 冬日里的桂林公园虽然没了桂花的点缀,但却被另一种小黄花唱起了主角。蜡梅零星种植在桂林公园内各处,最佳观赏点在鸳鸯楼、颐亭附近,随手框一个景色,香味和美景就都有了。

--

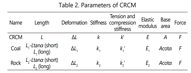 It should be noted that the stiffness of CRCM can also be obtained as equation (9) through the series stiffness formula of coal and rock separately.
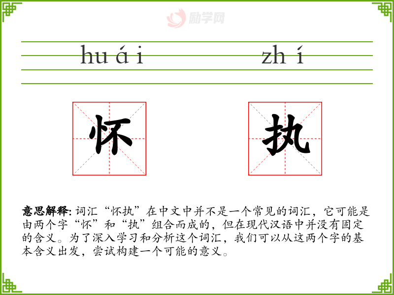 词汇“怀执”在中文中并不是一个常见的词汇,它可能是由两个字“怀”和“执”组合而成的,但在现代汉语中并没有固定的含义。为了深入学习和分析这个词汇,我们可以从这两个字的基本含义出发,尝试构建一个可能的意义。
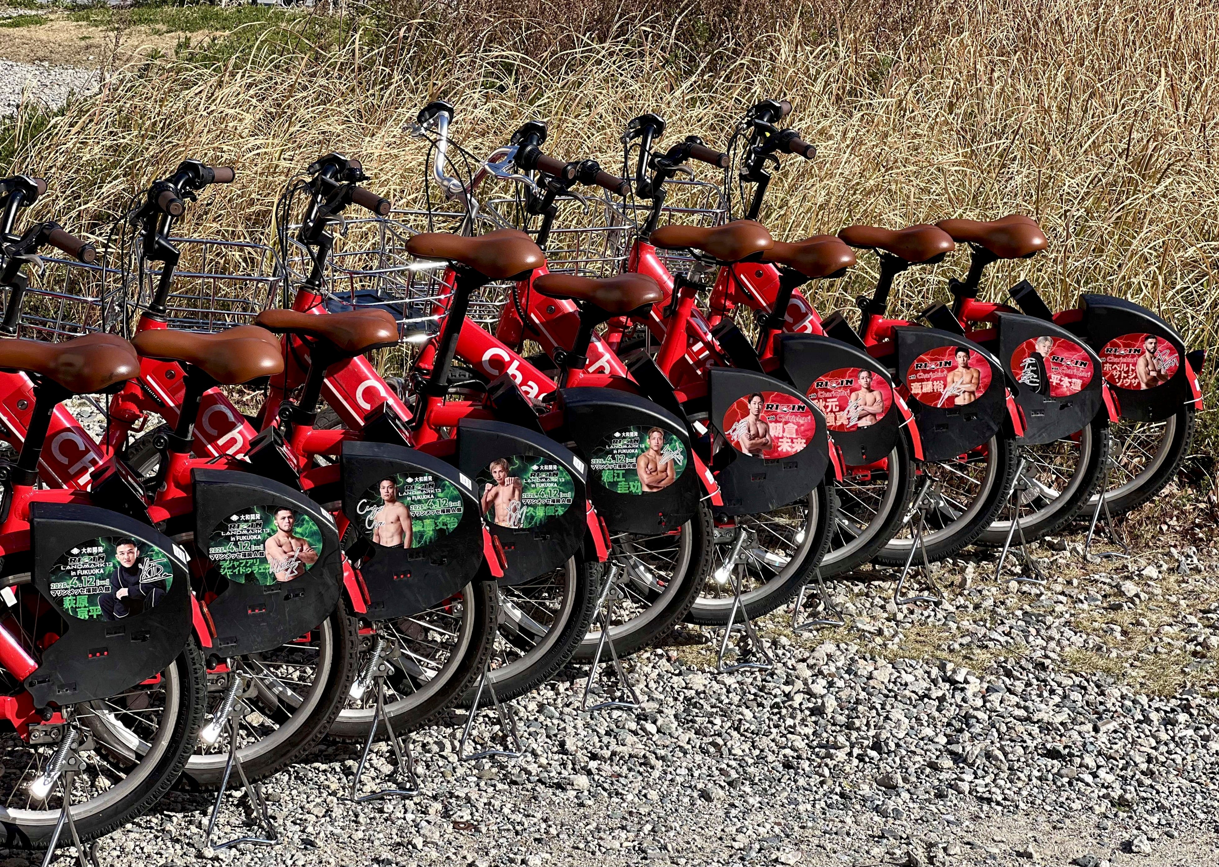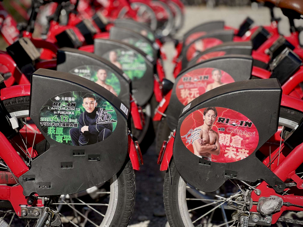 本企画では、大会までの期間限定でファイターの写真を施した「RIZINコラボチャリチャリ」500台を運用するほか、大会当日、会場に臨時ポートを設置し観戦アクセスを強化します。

...

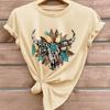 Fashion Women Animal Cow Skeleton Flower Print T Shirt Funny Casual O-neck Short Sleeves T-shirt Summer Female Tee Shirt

[What you are asked to do]:
Look above for the line with "It should be" and copy exactly from it through the line with "本企画では、大会までの期間限", both included. Omit the pictures.

[Written answer]:
 It should be noted that the stiffness of CRCM can also be obtained as equation (9) through the series stiffness formula of coal and rock separately.
 词汇“怀执”在中文中并不是一个常见的词汇,它可能是由两个字“怀”和“执”组合而成的,但在现代汉语中并没有固定的含义。为了深入学习和分析这个词汇,我们可以从这两个字的基本含义出发,尝试构建一个可能的意义。
 本企画では、大会までの期間限定でファイターの写真を施した「RIZINコラボチャリチャリ」500台を運用するほか、大会当日、会場に臨時ポートを設置し観戦アクセスを強化します。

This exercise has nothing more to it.